After a long and fruitless hour trying to figure out if the LDAP server had suddenly decided that SSL was for suckers and chumps, I finally thought to run tcpdump on the client, the LDAP server and the firewall (which sits between the two). And there it was, plain as day:
- 3-way handshake
- client says "I speak SSL!"
- server says "I speak SSL too! Here you go!"
- but the client never sees that packet
- and neither does the firewall.
Near as I can figure, this was the sequence of events:
- We SSH'd from the firewall, with its two bridged Intel GigE jumbo-enabled NICs
- to the console server, which only does 10/100
- which somehow prompted a renegotiation of the link speed on the firewall's interface
- which settled on 100 MBit, full duplex, but with jumbo frames
- which the switch saw as completely bogus
- which prompted the switch to (silently, natch) drop all jumbo frames directed at the firewall's outside interface
- which, in the context of an LDAP lookup done by a client inside the firewall, meant that the first packet that failed was the "I speak SSL too! Here you go!" packet
- which left the client with an established TCP connection to the LDAP server, waiting for a certificate
- which meant that it never actually failed over to the other LDAP server.

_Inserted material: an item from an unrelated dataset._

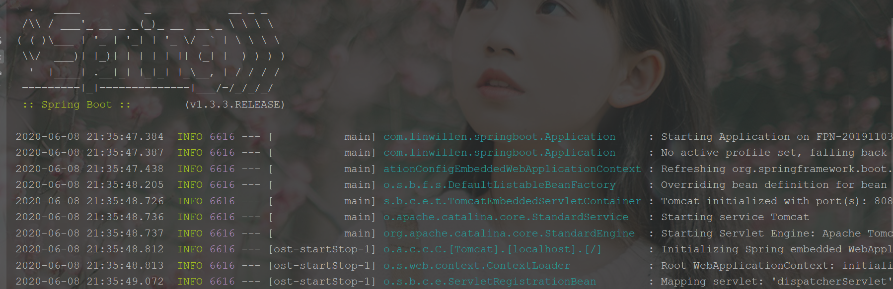 8、点击run,控制台打印日志信息,SpringBoot项目启动成功
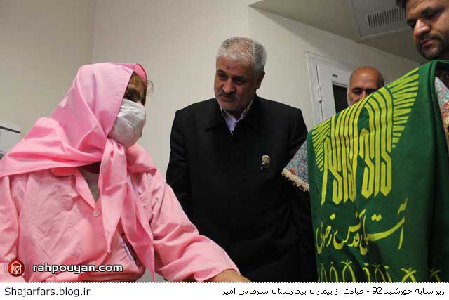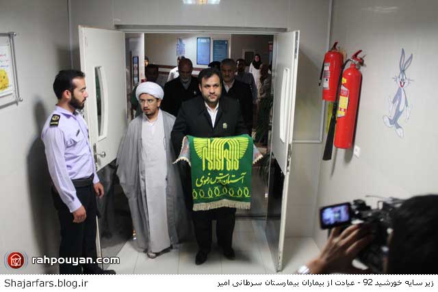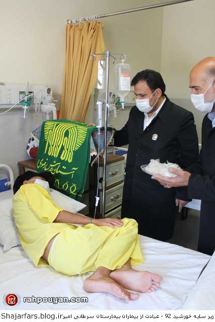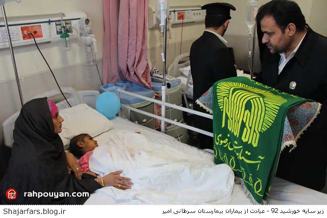 به گزارش ستاد اطلاع رسانی جشن های مردمی و معنوی زیر سایه خورشید خدام حرم رضوی با حضور در بیمارستان امیر شیراز و ضمن عیادت از بیماران و آروزی سلامتی بیماران با رسانه های جمعی به مصاحبه پرداختند.

This took me two hours to figure out, and another 90 minutes to fix; setting the link speed manually on the firewall just convinced the nic/driver/kernel that there was no carrier there. In the end the combination that worked was telling the switch it was a gigabit port, but letting it negotiate duplexiciousnessity.
Gah. Just gah.
4 Comments
From: Matt Simmons
30 October 2009 20:36:45
Yikes! Good catch, though. It is a bummer on the timing, but at least it happened now, instead of while you were gone. I don't even know how you'd troubleshoot that remotely.
Look me up at LISA. Are you coming to the "Blogger" BoF?
From: Saint Aardvark
30 October 2009 20:50:57
Oh aye. But are you coming to the Conference Organization BoF?
From: Matt Simmons
30 October 2009 21:00:39
Oh, I didn't see it! I was looking at the Network Automation BoF. Can't I just clone myself? :-)
Maybe I'll switch off. I take it you're going to the Conference Organization BoF?
From: Saint Aardvark
31 October 2009 00:22:50
I'm organizing the CO BoF. :-)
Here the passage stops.